When only replicate weights are provided (without strata/PSU identifiers), the true design df is unknown:

  • svy defaults to df = n_reps - 1
  • R defaults to the rank of the replicate weight matrix minus 1

Both approaches are heuristics. The rank-based method can detect when post-stratification or calibration has reduced the effective df, but is computationally expensive and numerically sensitive.

Both packages allow user override: RepWeights(df=...) in svy, degf= in R’s svrepdesign().

In practice, data providers typically document the correct degrees of freedom for their replicate weights (e.g., NHANES, ACS).

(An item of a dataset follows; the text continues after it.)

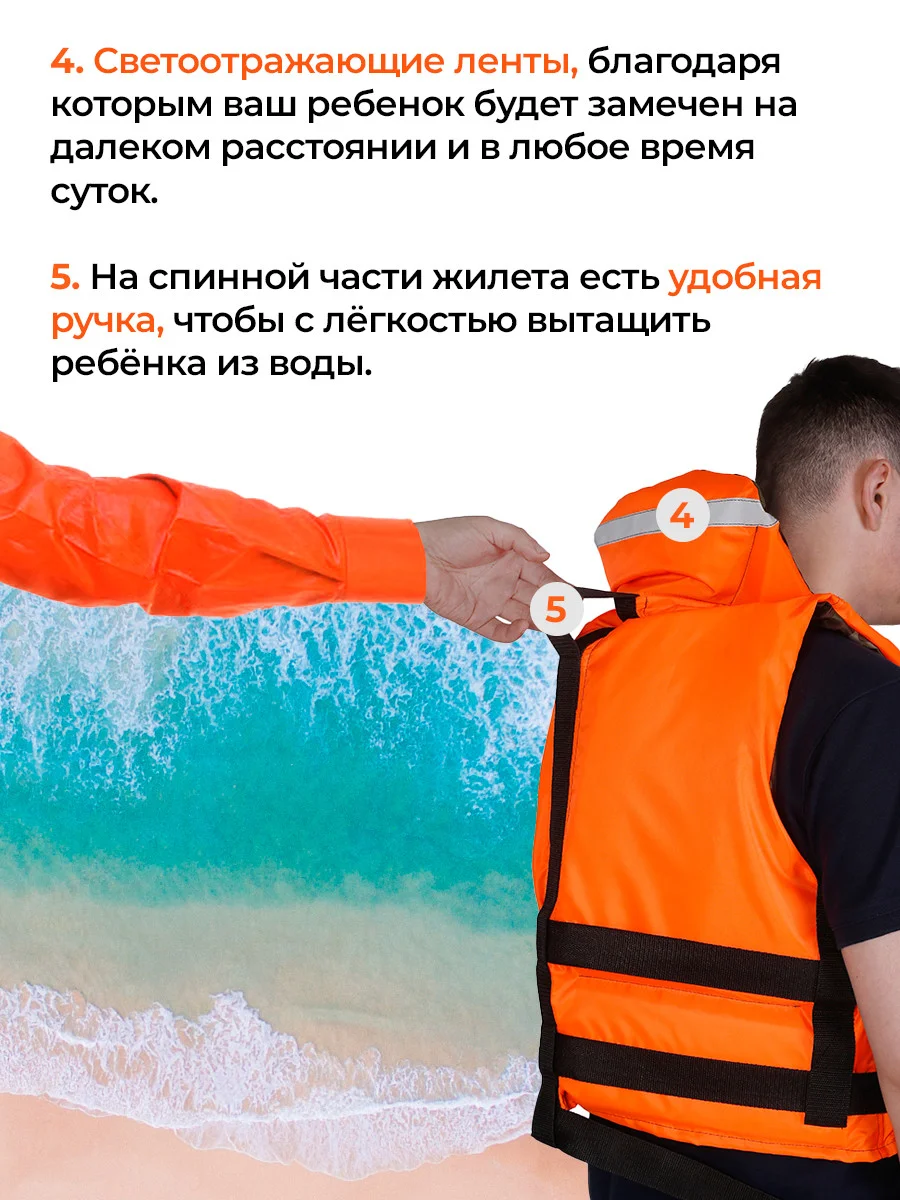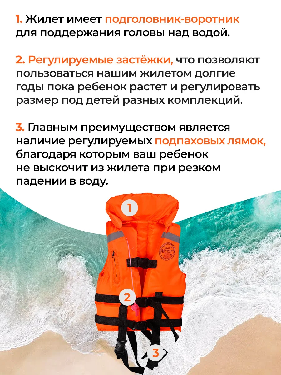 ✔Жилет с высоким подголовником, который хорошо держит голову человека на плаву и обладает достаточной гибкостью для складывания при транспортировке.

Always consult the survey documentation and specify df explicitly when known.

Balanced Repeated Replication (BRR)

svy Results

rep_weights = svy.RepWeights(method="BRR", prefix="brr_", n_reps=32)
design_brr = svy.Design(wgt="finalwgt", rep_wgts=rep_weights)
sample_brr = svy.Sample(data=nhanes2brr, design=design_brr)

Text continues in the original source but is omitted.